**Task item**
From the material below, return exactly the lines starting at the one that holds "仪式结束后,校企双方的领导共" and ending at the one that holds "Figure 1. Elisa". Pictures stay out of the answer.

**Data supplied**
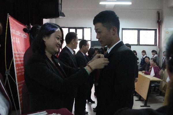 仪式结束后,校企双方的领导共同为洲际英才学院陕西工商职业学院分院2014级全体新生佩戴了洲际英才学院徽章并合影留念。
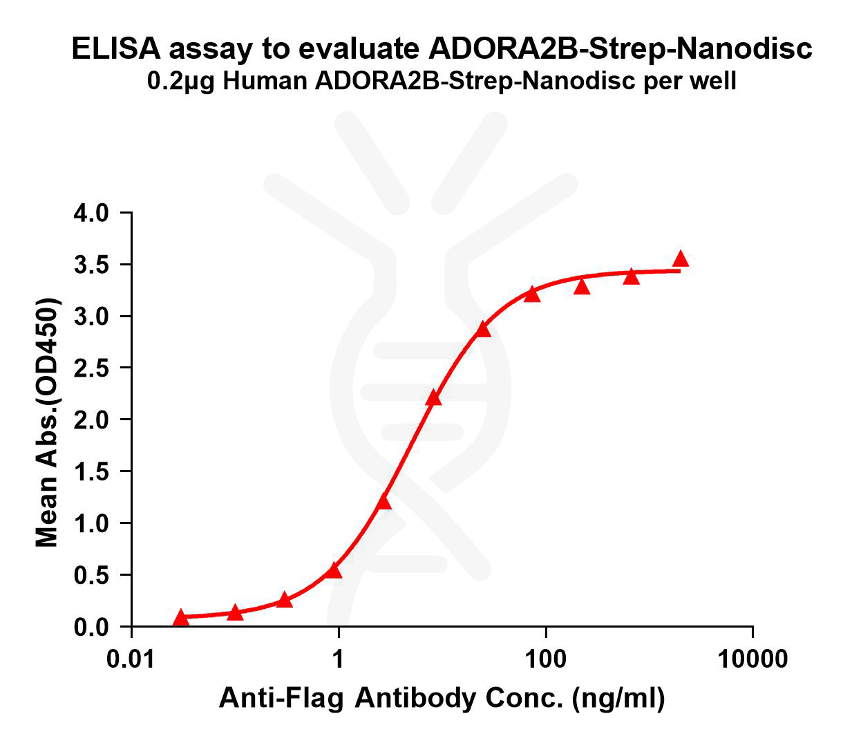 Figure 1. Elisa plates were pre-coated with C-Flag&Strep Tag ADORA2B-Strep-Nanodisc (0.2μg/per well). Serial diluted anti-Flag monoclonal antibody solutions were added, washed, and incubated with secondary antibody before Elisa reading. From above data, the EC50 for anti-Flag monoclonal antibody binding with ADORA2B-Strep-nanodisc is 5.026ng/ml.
==
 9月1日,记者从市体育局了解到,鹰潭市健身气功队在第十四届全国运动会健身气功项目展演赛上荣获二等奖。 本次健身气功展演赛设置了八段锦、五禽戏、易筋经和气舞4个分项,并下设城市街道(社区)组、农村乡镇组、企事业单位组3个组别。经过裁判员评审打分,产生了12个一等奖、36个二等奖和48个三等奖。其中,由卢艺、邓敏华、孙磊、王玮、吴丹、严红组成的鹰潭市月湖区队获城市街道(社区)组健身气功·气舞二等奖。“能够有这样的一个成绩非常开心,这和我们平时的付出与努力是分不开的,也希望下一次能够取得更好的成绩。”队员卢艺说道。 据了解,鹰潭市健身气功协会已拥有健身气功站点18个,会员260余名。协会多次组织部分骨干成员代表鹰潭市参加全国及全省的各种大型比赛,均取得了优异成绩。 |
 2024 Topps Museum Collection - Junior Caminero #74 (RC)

**Solution to the exercise**
 仪式结束后,校企双方的领导共同为洲际英才学院陕西工商职业学院分院2014级全体新生佩戴了洲际英才学院徽章并合影留念。
 Figure 1. Elisa plates were pre-coated with C-Flag&Strep Tag ADORA2B-Strep-Nanodisc (0.2μg/per well). Serial diluted anti-Flag monoclonal antibody solutions were added, washed, and incubated with secondary antibody before Elisa reading. From above data, the EC50 for anti-Flag monoclonal antibody binding with ADORA2B-Strep-nanodisc is 5.026ng/ml.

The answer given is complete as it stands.